If either Apple or Google could be convinced to implement and support JMAP, this could take off a lot faster.
I like Fastmail and use it because it provides a service, and does so well (which includes support you can actually reach out to and talk to a human who will actually help you). I also like that my identity and daily e-mail experience is in no way hard-linked to them. I have my own domain, and I use Thunderbird and K9-Mail (now also Thunderbird).
I also like that I can log onto to their website and do things there if needed.
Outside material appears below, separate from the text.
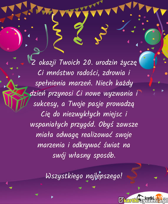 Kochana córeczko. Z okazji Twoich 20-tych urodzin życzymy Ci mnóstwo radości, zdrowia i spełnie
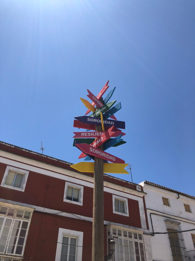 Nachdem wir am Montag nach langer Suche mit Hilfe endlich die Stadtinformation gefunden haben, fahre ich am Mittwoch mit dem Stadtbus ins Zentrum. Die Information hat nur von 10-14 Uhr offen und ist selbst, wenn sie geöffnet hat, schwer zu erkennen. Ich bekomme dann aber meinen Stadtplan und frage noch nach einer Flamenco Tanzschule. Sie freut sich ganz doll, muss aber auch Googeln. Vom Stadtplan inspiriert gehe ich den Jakobsweg durch El Puerto. Es gibt hier wirklich schöne Ecken. Die Zeichen für den Weg zu finden, ist nicht immer einfach, aber es klappt dann doch. Es lohnt sich auch immer mal kurz halt zu machen und ein bisschen zu gucken. Die Störche auf dem Dach der Basilica Menor auf dem Plaza Espana habe ich erst nach einigen Minuten gesehen. Ich treffe mich mit Andreas nach dem Feierabend an einer Bar am Fluss auf ein Bierchen und wir freuen uns am Leben in Spanien. Am Donnerstag besucht uns Andreas ehemaliger Chef, erst auf der Terrasse, dann gehen wir ins Restaurant. Es wird viel über die Spanier und deren Mentalität, besonders in Bezug auf die Arbeit gesprochen. Freitag haben wir unsere nächste Spanischstunde. Loli besorgt mir einen Friseurtermin, nachdem sie mir mehrmals erklärt hat, was ich beim Anrufen sagen soll. Am Samstag sind wir echte Spanier und frühstücken erst um 11 Uhr. Wir bauen an/in der Wohnung, ich ziehe mit meinen Sachen mit ins Schlafzimmer und zum Abend gehen wir zum Monkey Weekend. Obwohl wir erst um 20 Uhr los sind, fängt es gerade erst richtig an. Wir wissen nicht, wo wir das Bändchen für den Eintritt herbekommen sollen, aber es sind auch genug Konzerte außerhalb. Es ist coole Stimmung, wir trinken Bierchen, lauschen den Konzerten, Tanzen und haben Spaß. Hier sind wirklich auch die kleinen Kinder noch spät unterwegs. Es beruhigt uns aber, dass auch diese teilweise kaputt/müde sind und einfach in ihren Kinderwagen schlafen. Am Sonntag gibt es neue Flip Flops von Reef für mich, da meine Badelatschen auf dem Weg zum Atlantik kaputt gegangen sind. Gut, dass es auf dem Weg gleich den richtigen Laden – Wave District – gibt, vorher gab’s noch lecker Nachos im Surf Shop Caffee. Am Abend gucken wir Tatort. 🙂

This is mostly managing masked e-mail addresses and the occasional check on my subscription settings.
And if you're going to fund development, also put it in Dovecot.
* https://en.wikipedia.org/wiki/Dovecot_(software)
It does seem to be in Cyrus, but I'm not sure what the marketshare of that software is nowadays:
They cited IMAP's complexity, high resource use,
JMAP is implemented using JSON APIs over HTTP
They complain about complexity, then add another two layers of complexity in their own protocol?
I think POP3 is the simplest standard, and have also written a basic IMAP client. Parsing IMAP isn't as easy as a binary protocol, but it's definitely not at the level of HTTP JSON bloat that seems to have infected all "modern" protocol designers. I can use POP3 reasonably easily from a netcat (and have done so many times in the past), and IMAP is a little harder but doable. I don't expect that to be doable for JMAP which is text-based like the other HTTP JSON bloatocols, but unlike the earlier text-based standards like SMTP POP3 IMAP IRC MSNP etc., it seems to have all the disadvantages of a text-based protocol but none of the advantages.
JSON is only excusable if your protocol is designed for webmail clients. Otherwise this is a case of the emperor having no clothes.